• [Task brief]:
The listing below is to be copied exactly, with pictures excluded.

• [Given data]:

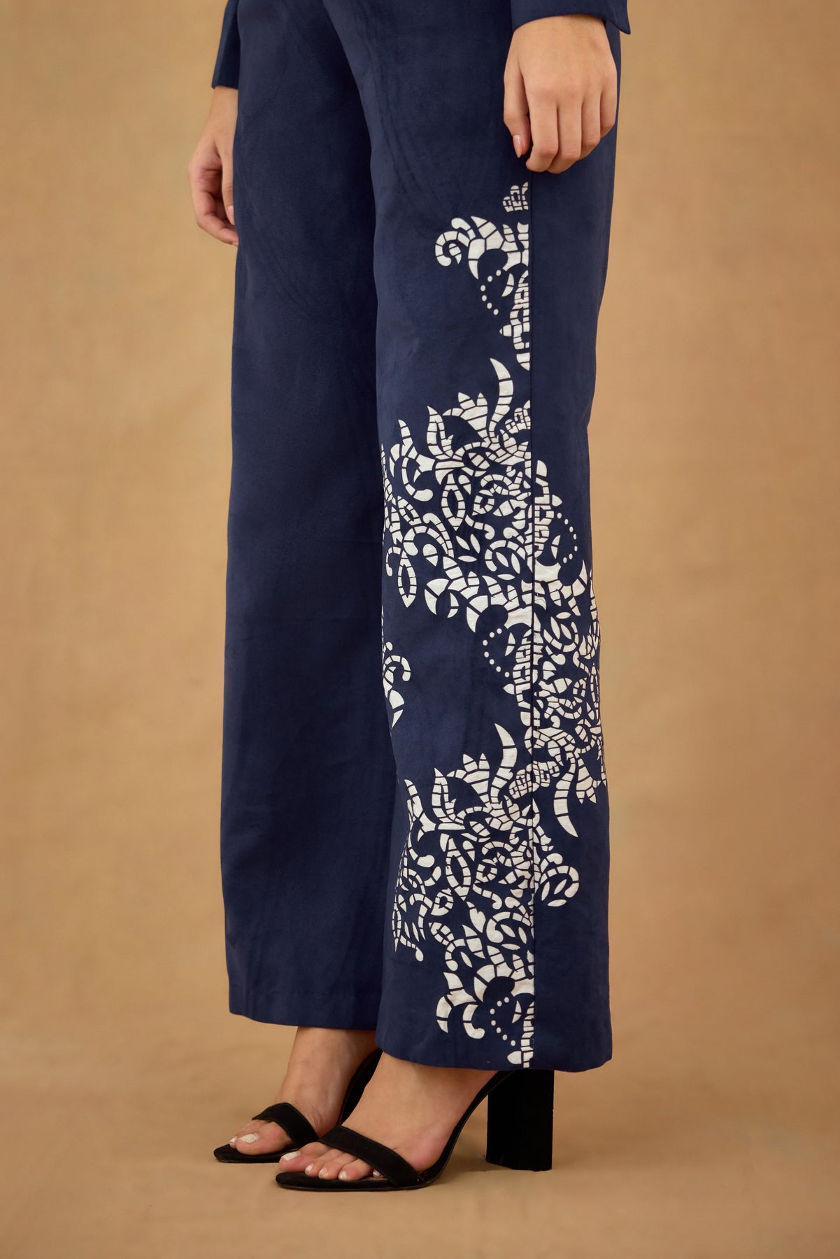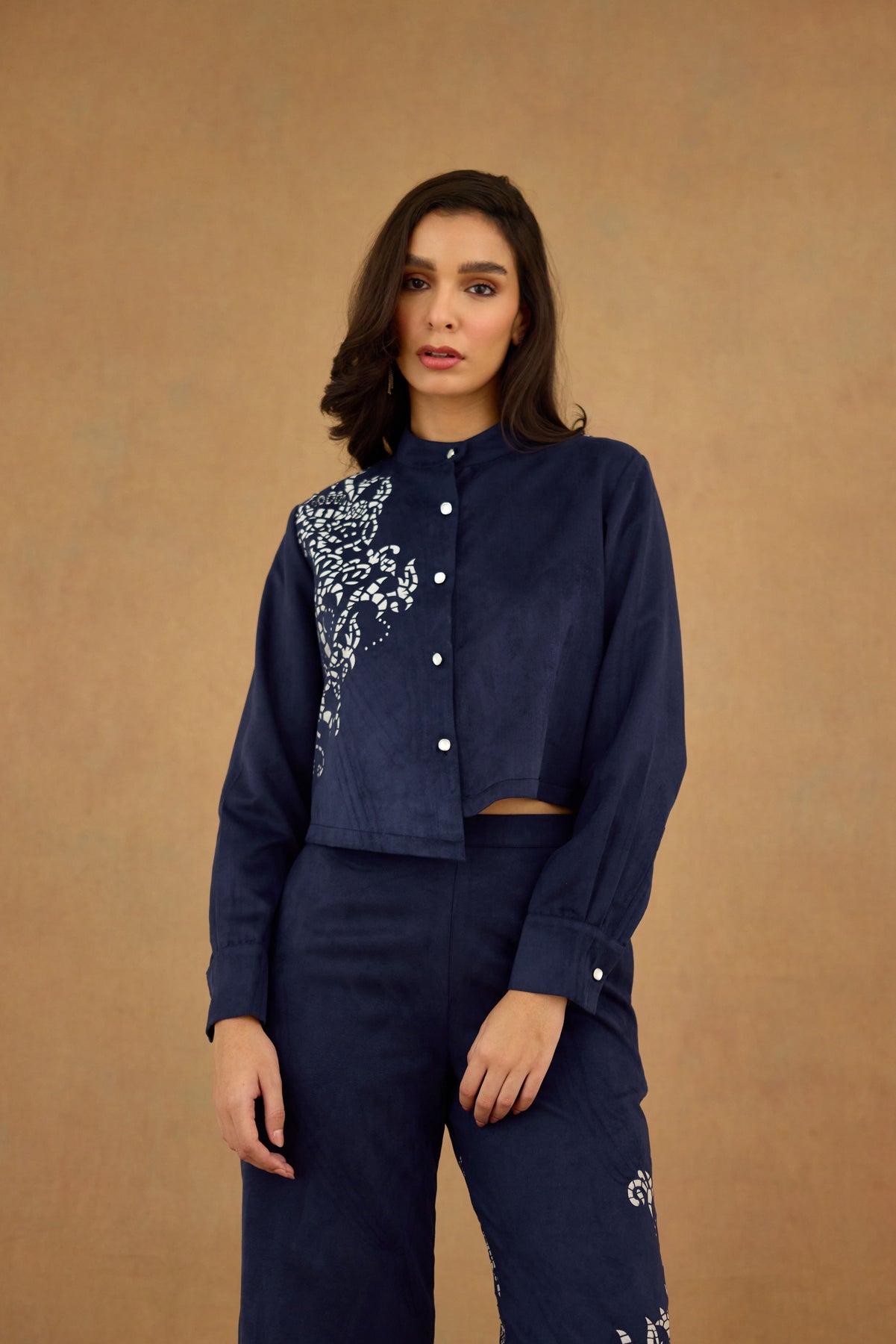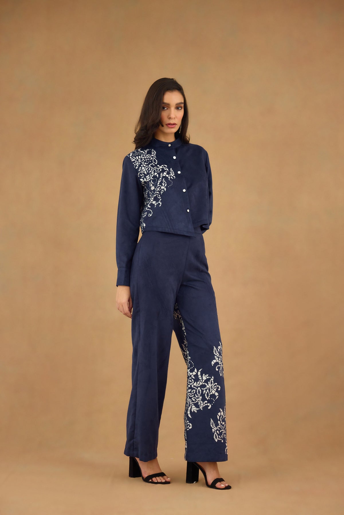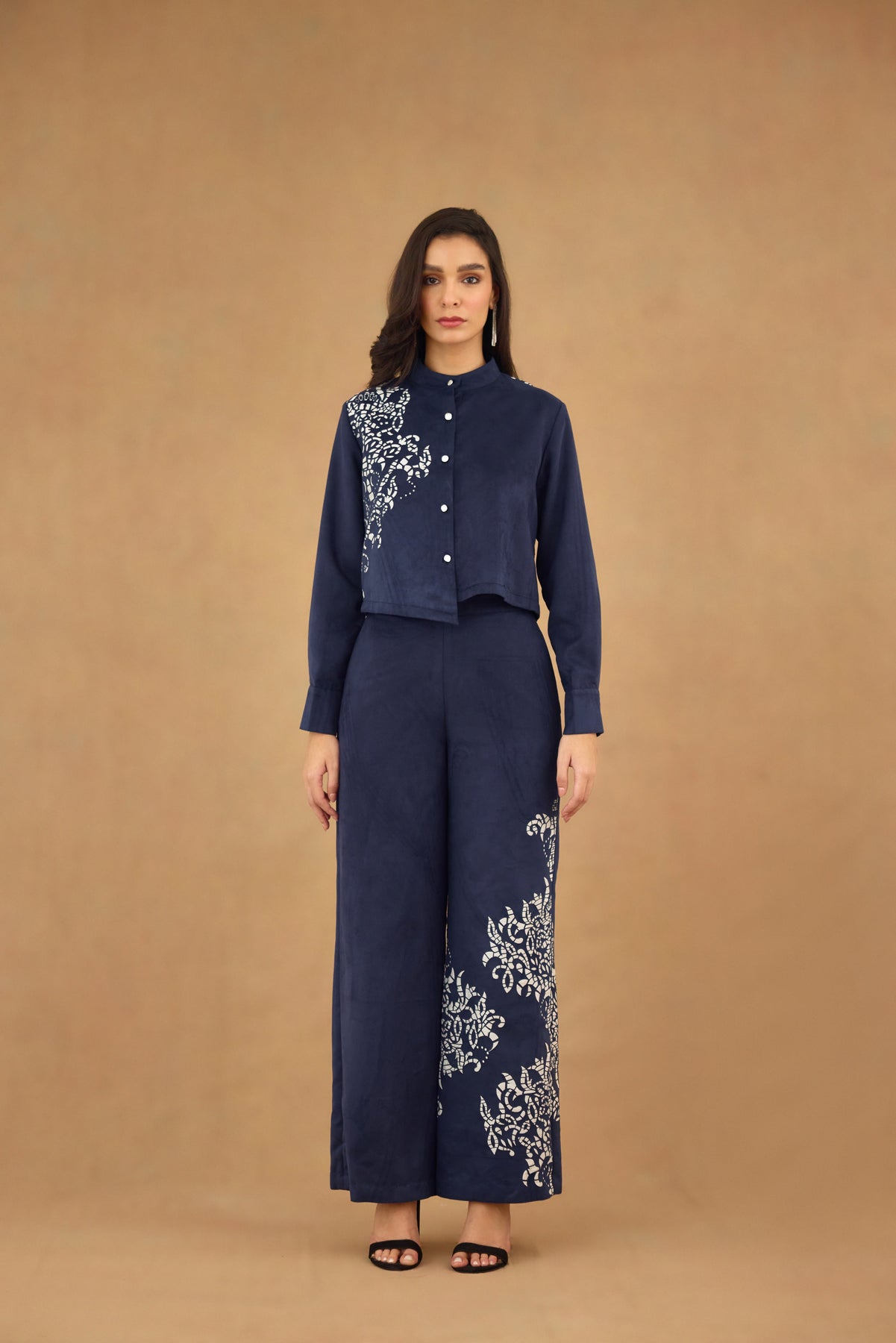 This navy blue suede co-ord set features a laser-cut design that adds subtle texture and sophistication. The front-open mandarin collar  with full sleeves offers a flattering silhouette, while the wide leg pants ensure comfort and a streamlined look. Perfect for polished, contemporary styling, this set combines refined craftsmanship with versatile wearability.
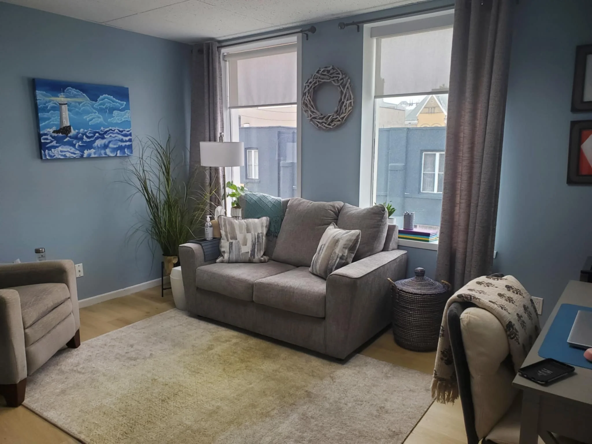 My office is a cozy space located on the third floor of a building in downtown St Thomas. While it is unfortunately not elevator accessible, it has been thoughtfully created with intention. I believe that the spaces we inhabit reflect who we are. With that in mind, I designed this space to feel safe, inviting, and nurturing. The objects throughout the office are not random; they carry meaning and warmth, contributing to an environment that supports reflection, comfort, and meaningful therapeutic work.
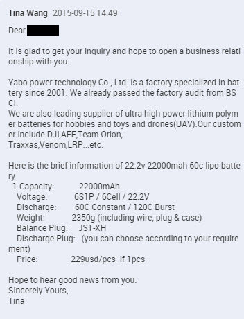 Wenn man nur einen Akku bestellt kostet so ein Pack mit 22'000mAh = 229$ Bei Hobbyking kosten 8000mAh = 100 Euro! :arf:

• [Reply]:
 This navy blue suede co-ord set features a laser-cut design that adds subtle texture and sophistication. The front-open mandarin collar  with full sleeves offers a flattering silhouette, while the wide leg pants ensure comfort and a streamlined look. Perfect for polished, contemporary styling, this set combines refined craftsmanship with versatile wearability.
 My office is a cozy space located on the third floor of a building in downtown St Thomas. While it is unfortunately not elevator accessible, it has been thoughtfully created with intention. I believe that the spaces we inhabit reflect who we are. With that in mind, I designed this space to feel safe, inviting, and nurturing. The objects throughout the office are not random; they carry meaning and warmth, contributing to an environment that supports reflection, comfort, and meaningful therapeutic work.
 Wenn man nur einen Akku bestellt kostet so ein Pack mit 22'000mAh = 229$ Bei Hobbyking kosten 8000mAh = 100 Euro! :arf:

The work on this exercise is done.